Selon le chercheur norvégien Thomas Hegghamer, 11% des "returnees" envisagent de commettre des attentats. "Le danger est réel", dit Yves Trotignon, ex-agent de la DGSE et consultant en contre-terrorisme. "Il faudra réinsérer ces gens, ce qui pose un vrai défi social et politique". La Belgique détient le record européen du nombre de FTF par habitant (42 pour un million). Selon les chiffres les plus récents de l’Ocam, 162 djihadistes belges sont encore sur place et 111 ont été tués. Pas moins de 117 sont revenus au pays, neuf d’entre eux sont morts.

À l’heure actuelle, une petite centaine de Belges combat encore dans les rangs de Daech. Certains reviendront un jour en Belgique.

Les "returnees" sous surveillance

©Photo News

Plus de la moitié des "returnees" belges sont sous surveillance, les autres ont été arrêtés. Quelques dizaines de candidats djihadistes empêchés de partir sont aussi sous surveillance.

Les mesures vont de la surveillance étroite aux écoutes téléphoniques. Sont-elles suffisantes? "Je vois difficilement ce qu’on peut faire de plus. Mais il ne faudrait pas, non plus, négliger les mille à deux mille sympathisants qui font partie de l’entourage de ces gens", dit Claude Moniquet, spécialiste du contre-terrorisme (auteur du livre "Daesh, la main du diable"). Les "returnees" bénéficient d’un programme de réinsertion qui doit encore faire ses preuves. La tâche est colossale.

Chute des départs

En 2014, le nombre de Belges partis en Syrie et en Irak atteignait la cadence de dix par mois. Ces djihadistes, âgés en moyenne de 23 ans, sont surtout partis de Bruxelles (205) et d’Anvers (113). Recrutés en 2010 par Sharia4belgium, leur engagement s’est fait par des pairs et, à partir de 2014, via les réseaux sociaux, des amis ou la famille.

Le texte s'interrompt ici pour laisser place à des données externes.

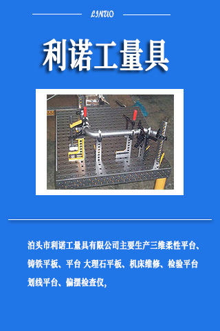 泊頭市利諾工量具有限公司加工、銷(xiāo)售、維修各種規(guī)格鑄鐵平臺(tái),鑄鐵平板,大理石平臺(tái),大理石平板,大理石構(gòu)件,檢驗(yàn)平臺(tái),檢驗(yàn)平板,劃線平臺(tái),劃線平板,焊接平臺(tái),焊接平板,三維柔性焊接平臺(tái),三維柔性焊接平板,裝配平臺(tái),裝配平板,試驗(yàn)臺(tái),機(jī)床工作臺(tái),墊鐵,鑄件,方箱,彎板,偏擺檢查儀,機(jī)床配附件,機(jī)床維修,機(jī)床修理
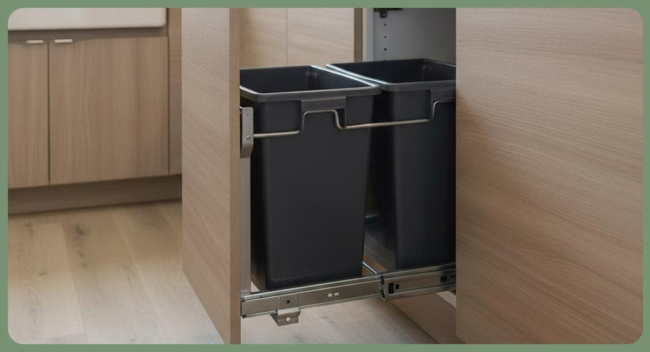 Комплектация: 2 пластиковых контейнера (2*15л), металлическая рама с креплением к фасаду, нижний монтаж, направляющие шариковые с доводчиком.
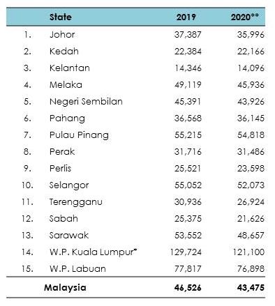 In terms of GDP Per Capita, all thirteen states and two Federal Territories recorded a decline in the value of GDP Per Capita compared to 2019. However, seven states surpassed national GDP per capita value (RM43,475) namely W.P. Kuala Lumpur (RM121,100), W.P. Labuan (RM76,898), Pulau Pinang (RM54,818), Selangor (RM52,073), Sarawak (RM48,657), Melaka (RM45,936) and Negeri Sembilan (RM43,926).

Les recrutements vers la Syrie et l’Irak se sont taris depuis début 2016. En cause? Les mesures antiterroristes adoptées par le gouvernement (refus de passeports, confiscation de la carte d’identité, création d’un registre de FTF…) et le retournement de situation sur le terrain, suite à l’entrée en guerre de la Russie.

"Aujourd’hui, Daech conseille à ses partisans de ne plus venir en Syrie et de rester chez eux pour mener des attentats", précise Yves Trotignon. Les loups solitaires, exposés à la propagande, sans être des "returnees", sont autant à craindre que les cellules dormantes. Leurs motivations sont parfois surprenantes. L’auteur de l’attentat de Nice, empêché de partir en Syrie, aurait décidé de faire le djihad en France.

L’Europe sera, à moyen terme, confrontée au retour des djihadistes. "Actuellement, les retours sont plus rares car les lieux de passage aux frontières turques et jordaniennes sont bloqués", dit Claude Moniquet. "Mais la menace s’amplifiera avec la perte de territorialité de l’État islamique. La chute de Mossoul et Raqqa sera suivie de retours dans la clandestinité".